In August, Gov. Gavin Newsom released a $4.7 billion plan to bolster mental health services for youth, which includes mental health care workforce development and increased funding for school counselors. But even with the expansion of state funding for youth mental health care services, it’s unclear how the state can truly overhaul the system when nearly one in four Californians receive their care through Kaiser.

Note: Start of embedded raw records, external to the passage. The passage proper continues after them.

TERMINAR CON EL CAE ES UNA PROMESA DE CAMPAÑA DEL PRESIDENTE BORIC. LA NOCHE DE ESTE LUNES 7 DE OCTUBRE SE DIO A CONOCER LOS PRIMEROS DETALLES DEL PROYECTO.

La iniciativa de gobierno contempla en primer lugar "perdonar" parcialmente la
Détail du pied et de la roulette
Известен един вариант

For the last three years, Alexis Petrakis has been a clinical psychologist for Kaiser in Petaluma, about 40 miles north of San Francisco. Prior to Kaiser, she worked in the mental health field for more than a decade, often at community clinics. There, she said it was typical for her to see children weekly. Since joining Kaiser, she’s received four to five new patients every week and sees seven to nine children a day. She is normally booked out six weeks in advance, meaning she is lucky to see the same patient more than once a month. “I don’t even know how many people I have on my caseload,” she said.
 


Earlier this year, California passed a law that requires HMOs like Kaiser to provide follow-up mental health care appointments within 10 business days if recommended by a therapist.


 
Torres and Petrakis both stressed that working with youth means managing and developing relationships with both the caregiver and the child. “This requires time,” Petrakis said. “And time is the currency at Kaiser.” In the assembly line structure of her work environment, she has mistakenly merged patients in her mind and referenced siblings and stepparents that didn’t exist.

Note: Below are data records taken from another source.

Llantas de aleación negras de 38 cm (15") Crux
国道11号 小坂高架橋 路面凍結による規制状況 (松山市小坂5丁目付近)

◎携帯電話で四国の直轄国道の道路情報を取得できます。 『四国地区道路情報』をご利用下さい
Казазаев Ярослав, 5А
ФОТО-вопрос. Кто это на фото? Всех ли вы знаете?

“We all work really hard on building relationships, and it really doesn’t feel good when you have so many people on your caseload that you’re not remembering people. It’s impossible to show up in a way that we were trained to show up, which is holding this individual person’s story and needs.”

Earlier this year, California passed a law sponsored by NUHW, SB 221, which requires HMOs like Kaiser to provide follow-up mental health care appointments within 10 business days if recommended by a therapist, though Torres and Petrakis said this remains impossible due to their caseloads.

Kaiser didn’t respond to a request for comment, but has previously cited the current nationwide shortage of mental health care providers when asked about access issues, though Kelly Shepherd, who works with special needs students in Santa Clara County, said that she encountered the same problem eight years ago when trying to find help at Kaiser for her youngest son, then 12. “He had dealt with trauma — a divorce, domestic violence — and appointments were four to five weeks out. There was no opportunity to build a trusting relationship and he wouldn’t engage. It was a failed experience.”

In Berkeley, Diamant’s son did eventually receive the services he needed. At school, his teacher had noticed changes, including frequent accidents, and connected the family to a school counselor, whom he began to see once a week. The improvement was dramatic. “It took a very short time with counseling for him to snap out of it,” Diamant said. “It shows that it’s possible. It just didn’t come from Kaiser.”